[164] Strype, 220.

[165] Questions of conscience were circulated, with answers, all tending to show the unlawfulness of conformity. Strype, 228. There was nothing more in this than the catholic clergy were bound in consistency with their principles to do, though it seemed very atrocious to bigots. Mr. Butler says, that some theologians at Trent were consulted as to the lawfulness of occasional conformity to the Anglican rites, who pronounced against it. Mem. of Catholics, i. 171.

[166] The trick of conjuration about the queen's death began very early in her reign (Strype, i. 7), and led to a penal statute against "fond and fantastical prophecies." 5 Eliz. c. 15.

[167] I know not how to charge the catholics with the conspiracy of the two Poles, nephews of the cardinal, and some others, to obtain five thousand troops from the Duke of Guise, and proclaim Mary queen. This seems, however, to have been the immediate provocation for the statute 5 Eliz.; and it may be thought to indicate a good deal of discontent in that party upon which the conspirators relied. But as Elizabeth spared the lives of all who were arraigned, and we know no details of the case, it may be doubted whether their intentions were altogether so criminal as was charged. Strype, i. 333; Camden, 388 (in Kennet).
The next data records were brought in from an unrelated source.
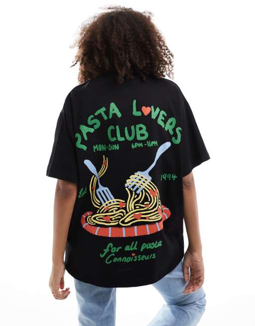 Camiseta negra extragrande con estampado gráfico "Pasta Lover" de ASOS DESIGN
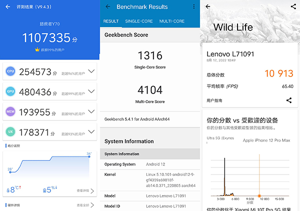 在跑分方面,室溫25攝氏度、無任何輔助散熱手段的情況下,拯救者Y70的安兔兔跑分輕松突破110萬;在GeekBench 5.4.1版本的跑分測試中,也輕松跑出了單核1316分、多核4104分的成績。在3D Mark的Wild Life項目中,拯救者Y70的成績?yōu)?0913分,這些分?jǐn)?shù)大體上都處于我們測試過的高通驍龍8+手機中上游位置,跑分成績和前代機型對比提升相當(dāng)明顯。
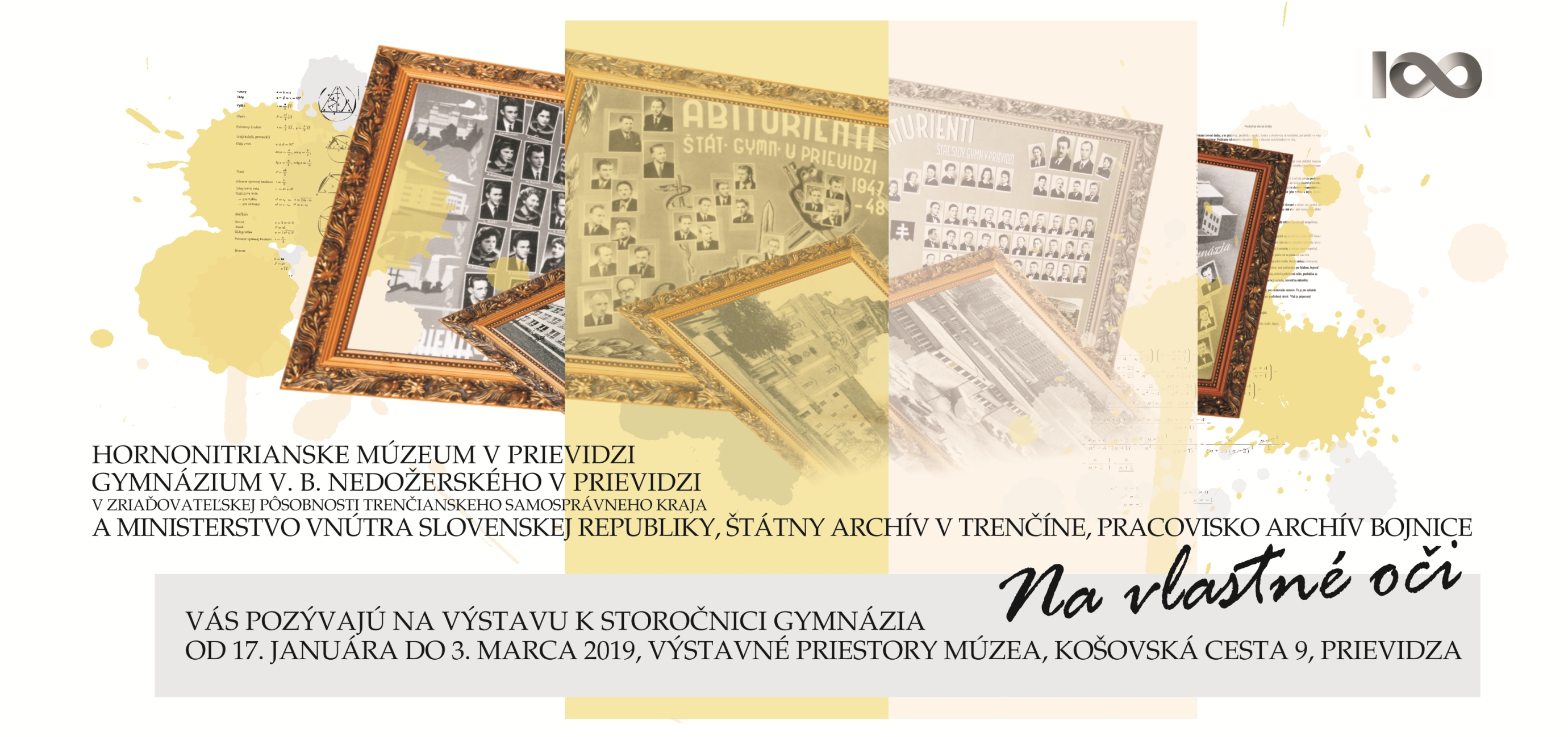 Oslávi ho aj v priestoroch Hornonitrianskeho múzea v Prievidzi, od 18. januára do 3. marca 2019 výstavou Na vlastné oči. Návštevníci na vlastné oči uvidia storočný vývoj edukácie a života v tejto poprednej vzdelávacej inštitúcii regiónu hornej Nitry, sprevádzaný stále rastúcim záujmom o štúdium na nej a trojnásobným sťahovaním sa za lepšími podmienkami. Okúsia ho v dobových laviciach, vyčítajú v originálnych dokumentoch, uvidia na rôznorodých učebných pomôckach, starých fotografiách a tablách.

Strype tells us (i. 374) of resolutions adopted against the queen in a consistory held by Pius IV. in 1563; one of these is a pardon to any cook, brewer, vintner, or other, that would poison her. But this is so unlikely, and so little in that pope's character, that it makes us suspect the rest, as false information of a spy.

[168] 5 Eliz. c. 1.

[169] Strype, Collier, Parliamentary History. The original source is the manuscript collections of Fox the martyrologist, a very unsuspicious authority; so that there seems every reason to consider this speech, as well as Mr. Atkinson's, authentic. The following is a specimen of the sort of answer given to these arguments: "They say it touches conscience, and it is a thing wherein a man ought to have a scruple; but if any hath a conscience in it, these four years' space might have settled it. Also, after his first refusal, he hath three months' respite for conference and settling of his conscience." Strype, 270.
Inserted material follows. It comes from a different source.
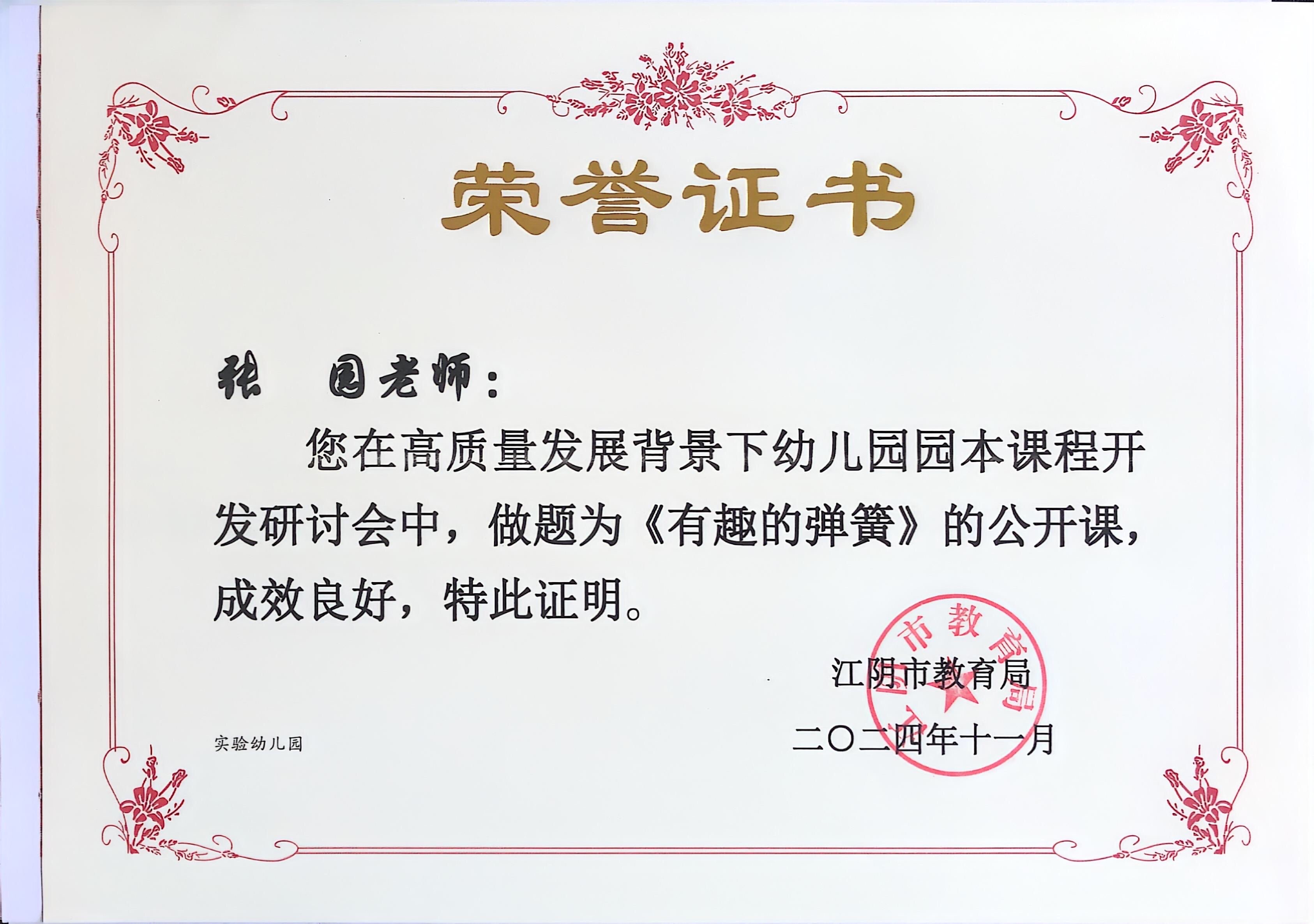 张园在高质量发展背景下幼儿园园本课程开发研讨会中执教题为《有趣的弹簧》公开课

[170] Strype's Life of Parker, 125.

[171] Strype's Annals, 149. Tunstall was treated in a very handsome manner by Parker, whose guest he was. But Feckenham, abbot of Westminster, met with rather unkind usage, though he had been active in saving the lives of protestants under Mary, from Bishops Horn and Cox (the latter of whom seems to have been an honest, but narrow-spirited and peevish man), and at last was sent to Wisbeach gaol for refusing the oath of supremacy. Strype, i. 457, ii. 526; Fuller's Church History, 178.

[172] 8 Eliz. c. 1. Eleven peers dissented, all noted catholics, except the Earl of Sussex. Strype, i. 492.